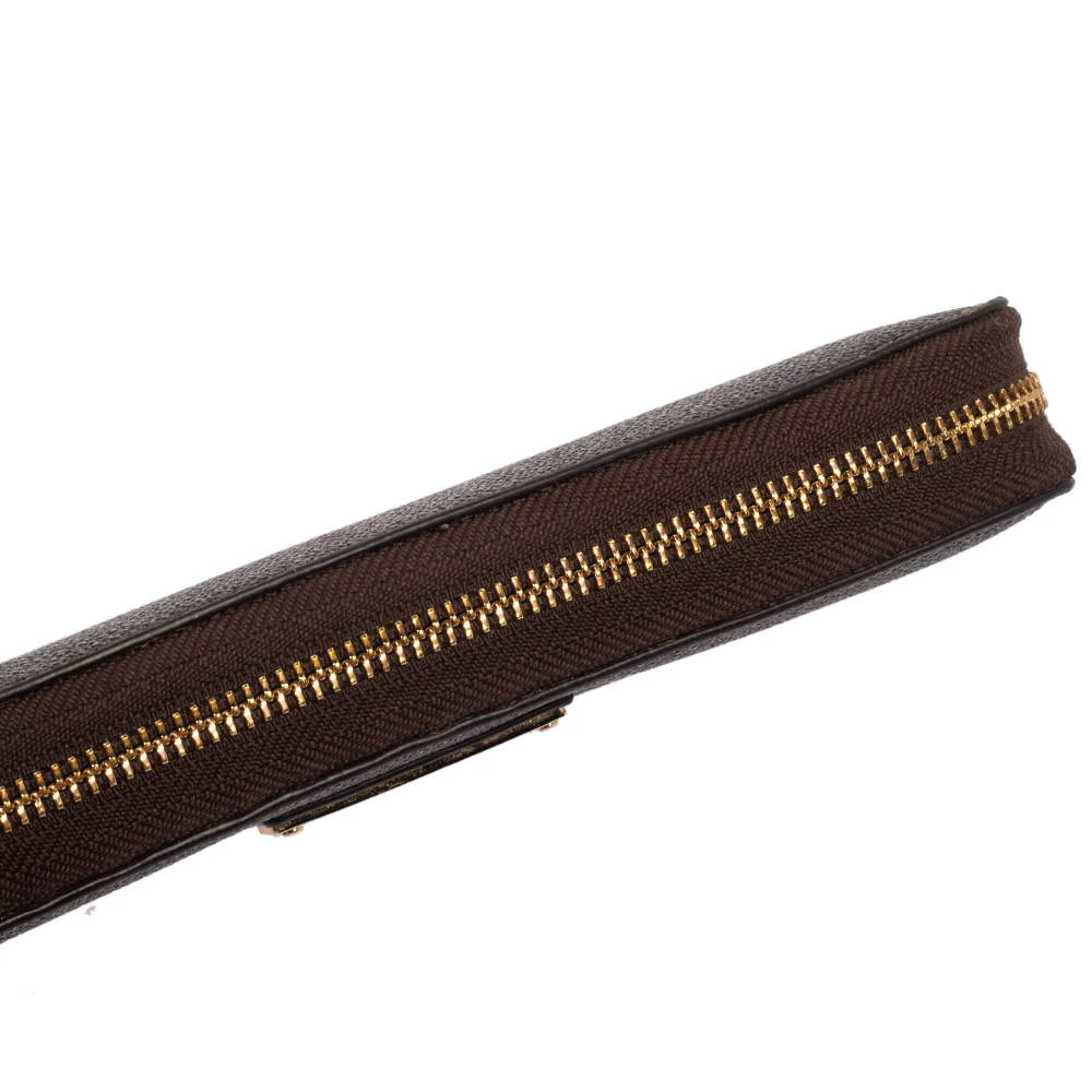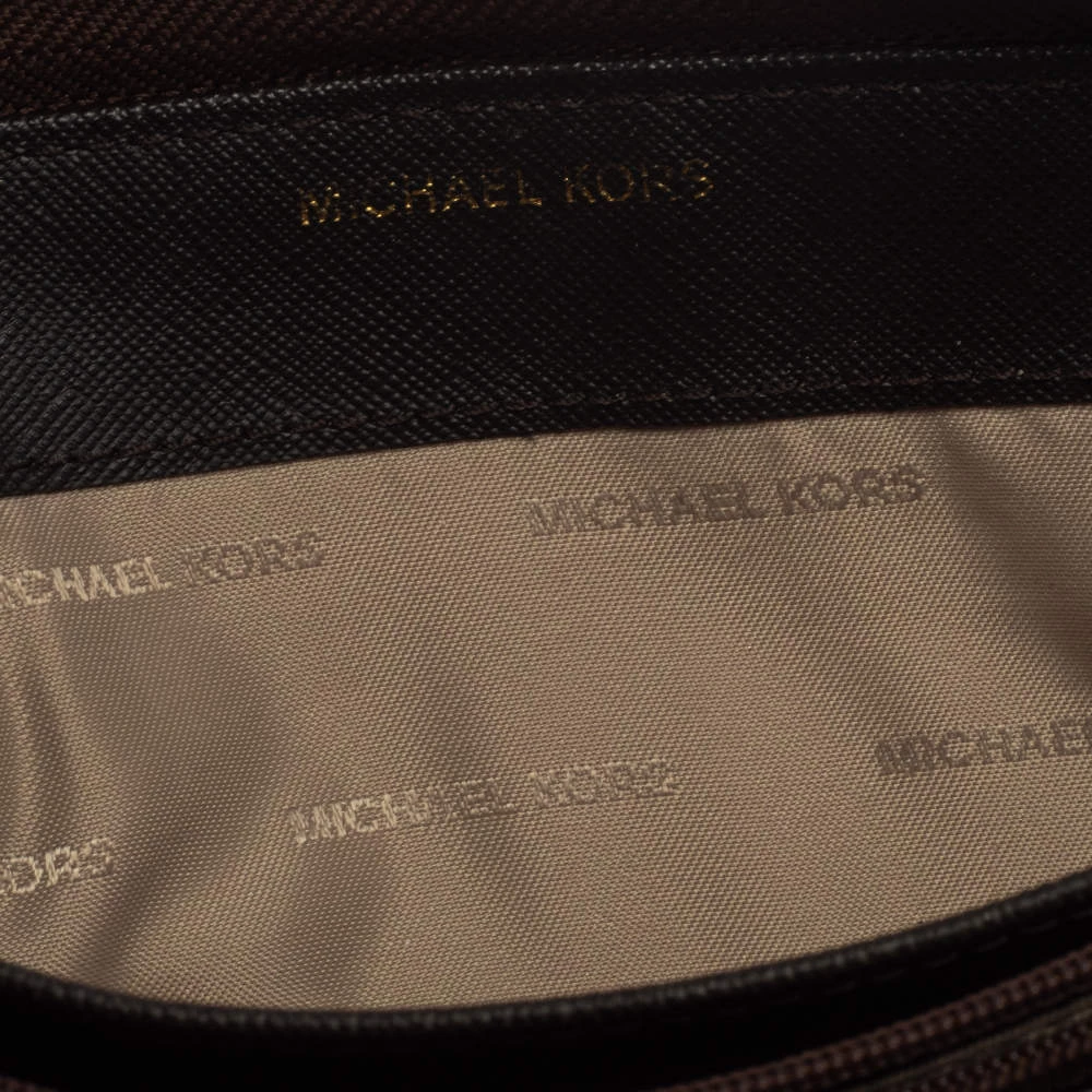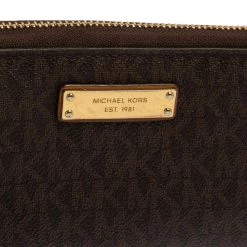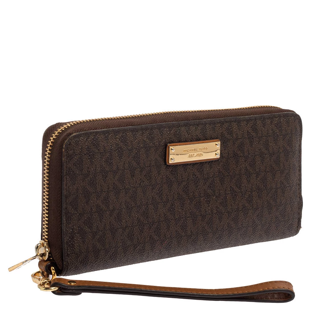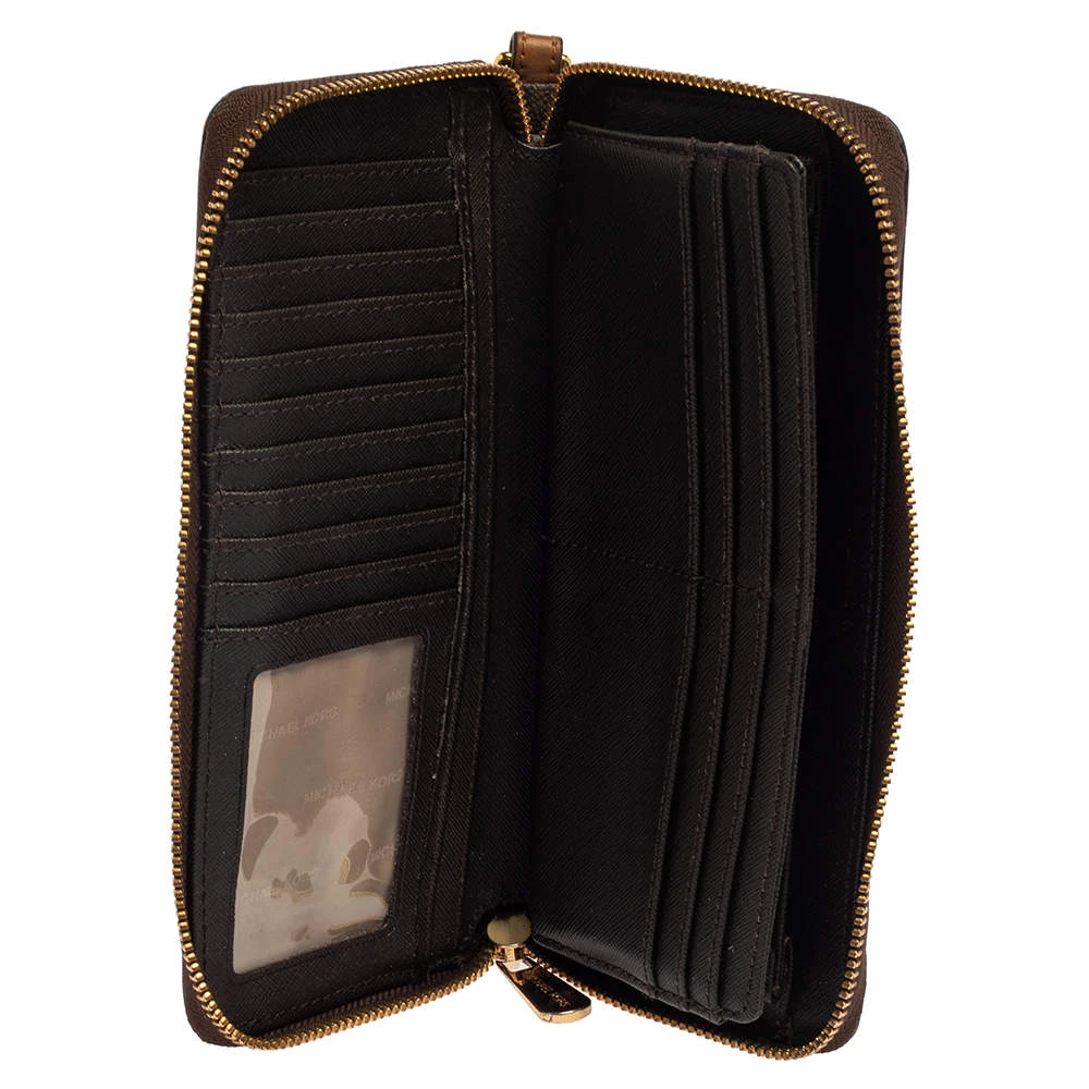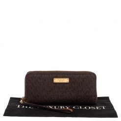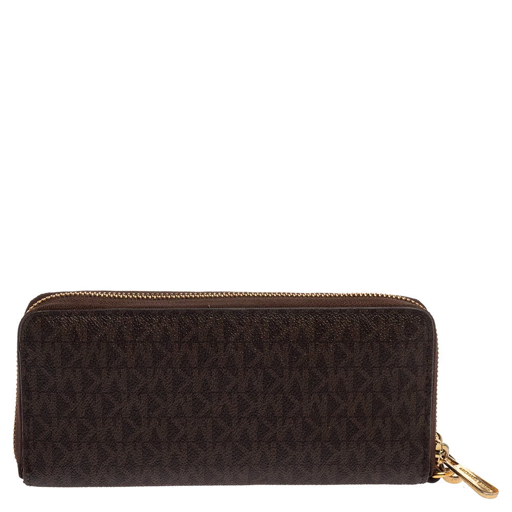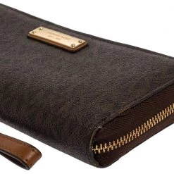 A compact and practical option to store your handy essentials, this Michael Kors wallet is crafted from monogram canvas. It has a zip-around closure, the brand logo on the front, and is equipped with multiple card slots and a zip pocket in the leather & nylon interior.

==

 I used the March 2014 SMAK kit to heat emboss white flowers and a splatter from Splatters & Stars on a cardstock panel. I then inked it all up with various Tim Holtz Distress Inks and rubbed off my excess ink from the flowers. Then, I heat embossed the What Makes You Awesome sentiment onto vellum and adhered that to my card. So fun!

* * *

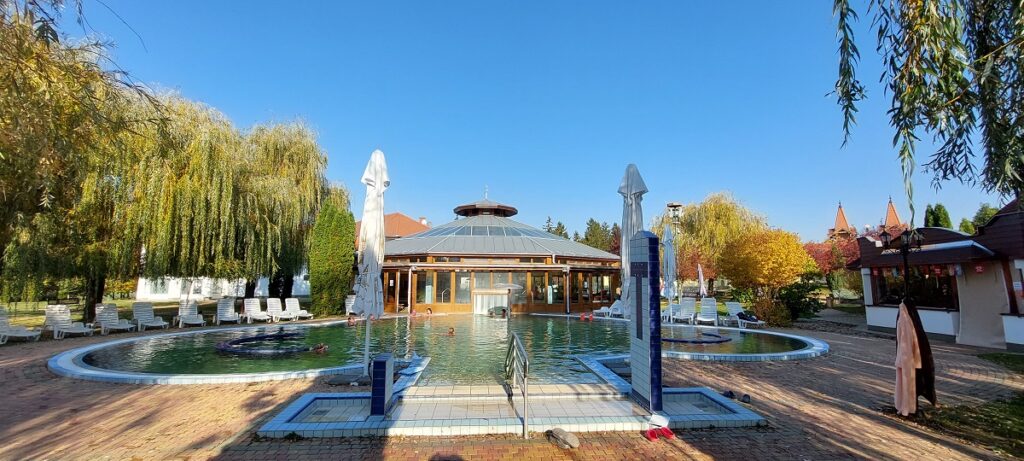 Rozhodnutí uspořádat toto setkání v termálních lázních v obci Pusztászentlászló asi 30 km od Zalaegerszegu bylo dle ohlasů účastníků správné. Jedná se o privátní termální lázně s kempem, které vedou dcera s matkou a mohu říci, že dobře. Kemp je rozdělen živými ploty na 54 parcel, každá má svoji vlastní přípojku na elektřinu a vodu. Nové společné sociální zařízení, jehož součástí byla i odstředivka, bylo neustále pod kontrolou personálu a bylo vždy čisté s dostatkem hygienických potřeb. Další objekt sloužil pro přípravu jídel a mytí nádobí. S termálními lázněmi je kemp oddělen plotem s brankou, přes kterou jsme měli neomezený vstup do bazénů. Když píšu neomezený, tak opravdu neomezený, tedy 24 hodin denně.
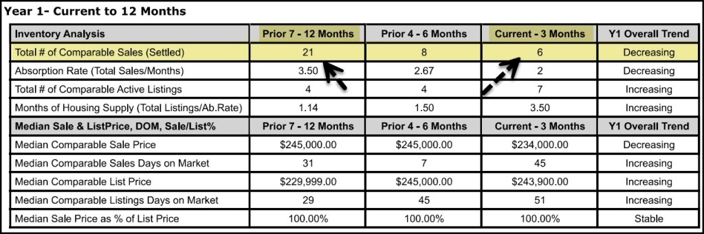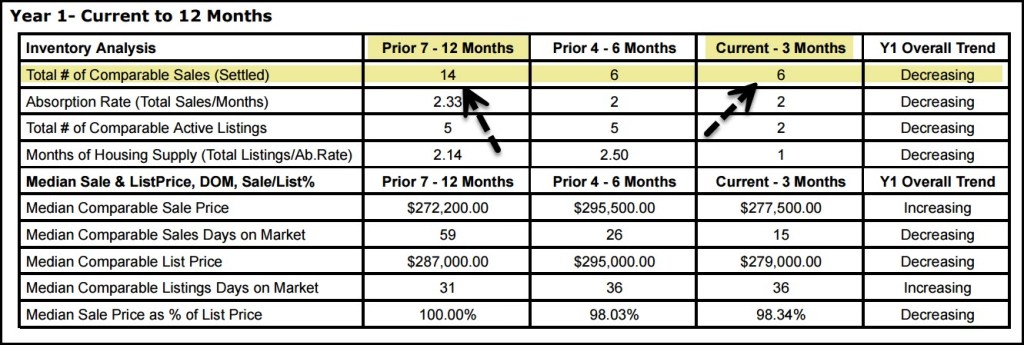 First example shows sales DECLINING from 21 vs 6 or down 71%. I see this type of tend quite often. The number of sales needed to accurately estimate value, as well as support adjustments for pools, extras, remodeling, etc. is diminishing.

> _Exercise_
Copy exactly the part of the material above that opens with the line containing "Rozhodnutí uspořádat toto" and closes with the line containing "First example shows", ends included. Drop the images.

> _Reply_
 Rozhodnutí uspořádat toto setkání v termálních lázních v obci Pusztászentlászló asi 30 km od Zalaegerszegu bylo dle ohlasů účastníků správné. Jedná se o privátní termální lázně s kempem, které vedou dcera s matkou a mohu říci, že dobře. Kemp je rozdělen živými ploty na 54 parcel, každá má svoji vlastní přípojku na elektřinu a vodu. Nové společné sociální zařízení, jehož součástí byla i odstředivka, bylo neustále pod kontrolou personálu a bylo vždy čisté s dostatkem hygienických potřeb. Další objekt sloužil pro přípravu jídel a mytí nádobí. S termálními lázněmi je kemp oddělen plotem s brankou, přes kterou jsme měli neomezený vstup do bazénů. Když píšu neomezený, tak opravdu neomezený, tedy 24 hodin denně.
 First example shows sales DECLINING from 21 vs 6 or down 71%. I see this type of tend quite often. The number of sales needed to accurately estimate value, as well as support adjustments for pools, extras, remodeling, etc. is diminishing.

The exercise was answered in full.